2002 CTOS Annual Meeting Oral Presentations — Medical Oncology

RANDOMISED PHASE 3 TRIAL OF TWO INVESTIGATIONAL SCHEDULES OF IFOSFAMIDE VERSUS STANDARD DOSE DOXORUBICIN IN PATIENTS WITH ADVANCED OR METASTATIC SOFT TISSUE SARCOMA (ASTS)
[Abstract ID: 20]

Category: Medical Oncology

Presentation: Oral

Authors: Paul Lorigan¹, Jaap Verweij¹, Z Papai¹, S Rodenhuis¹, A Le Cesne¹, M Leahy¹, John Radford¹, Pancras Hogendoorn¹, Anne Kirkpatrick¹, Ole S Nielson¹

Author Institutions: ¹EORTC Soft Tissue and Bone Sarcoma Group, Brussels, Belgium

Presenter: Paul Lorigan
paul.lorigan@christie-tr.nwest.nhs.uk

Correspondent: Paul Lorigan
paul.lorigan@christie-tr.nwest.nhs.uk
Manchester United Kingdom M20 4BX
Ph: 0161 446 3000
Fax: 0161 446 3299

Objectives: Doxorubicin and ifosfamide show significant activity in soft tissue sarcoma but have never been formally compared. We report a randomised Phase III comparison of single agent doxorubicin 75mg/m2 versus ifosfamide 3g/m2 over 4 hours daily for 3 days (Ifos 3*3) versus ifosfamide 9g/m2 over 72 hours by continuous infusion (Ifos 9) in patients with ASTS.
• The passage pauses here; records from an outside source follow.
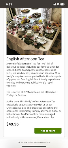 Read moreI was surprised after all the great reviews to be underwhelmed by Miss Mollyâs. The assistant innkeeper was very kind and attentive when she was around, the bed in the Bay Room was very comfy, breakfast delicious, and the house adorable, but from the time of booking our stay to the the time of our departure, my husband and I felt like they took liberties with their advertisements. One of their add-on amenities was mispriced on their website, and they let us know weâd have to pay 2x the advertised price if we wanted to keep the amenity. Their breakfast is advertised as âthree-courseâ but itâs really just three items: a waffle with a side of blueberries and a biscuit. It was the best biscuit Iâve ever had, but I wouldnât call it a course. The house is quite small, and I found it difficult to maneuver in the hallways and in our room, and despite the wonderful array of teas, there was no water in the kettle and no accessible faucet to fill it up in.
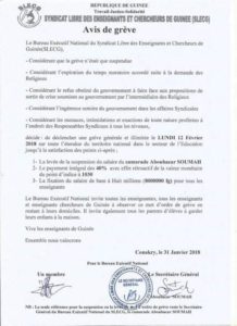 Guinée-Le Syndicat Libre des Enseignants et Chercheurs de Guinée (SLECG) dirigé par Aboubacar Soumah vient de lancer un avis de grève à partir du lundi 12 février 2018 sur toute l’étendue du territoire national.
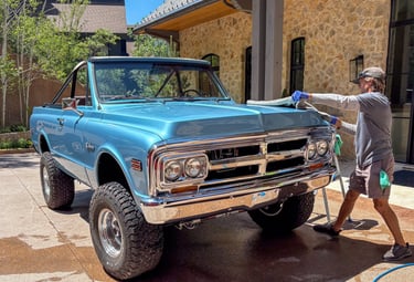 Exterior- Hand wash and wax, rims and tires cleaned and dressed .

Methods: Patients were stratified by histological subtype, grade, metastatic site, performance status and institution. Response was evaluated after each 2 cycles and all responses independently reviewed. An interim analysis was carried out by an independent data monitoring committee after four years.
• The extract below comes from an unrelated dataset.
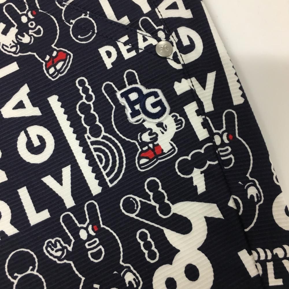 パーリーゲイツ パンツ ネイビー×白 ロゴ総柄 どうしちゃったPG ボーダー織生地 レディース 0 S ゴルフウェア PEARLY GATES

Results: Between 1997 and Sept 2001, 322/760 patients were recruited. Groups were evenly divided by stratification factors. Histological types were leiomyosarcoma 31.4%, liposarcoma 12.1%, synovial sarcoma 9.3%, others 46.2%. Toxicity was worse in both ifosfamide arms; grade 3 febrile neutropenia occurred in 8.3% doxorubicin patients, 20.7% Ifos 3*3 and 17% Ifos 9 patients. Response rates were: Doxorubicin 11% (CR 0.9%, PR 10.1%), Ifos 3*3 6.5% (CR 0.9%, PR 5.6%), Ifos 9 9.4% (CR 1.9%, PR 7.5%). With a median follow up of 14 months, there was no significant difference in progression free or overall survival in the three arms. The study hypothesis of a difference of 10% in PFS at 1 year was rejected and the trial stopped early on the advice of an independent data monitoring committee.

Conclusions: For the majority of patients with ASTS for whom single agent chemotherapy is appropriate, doxorubicin 75mg/m2 remains the treatment of choice.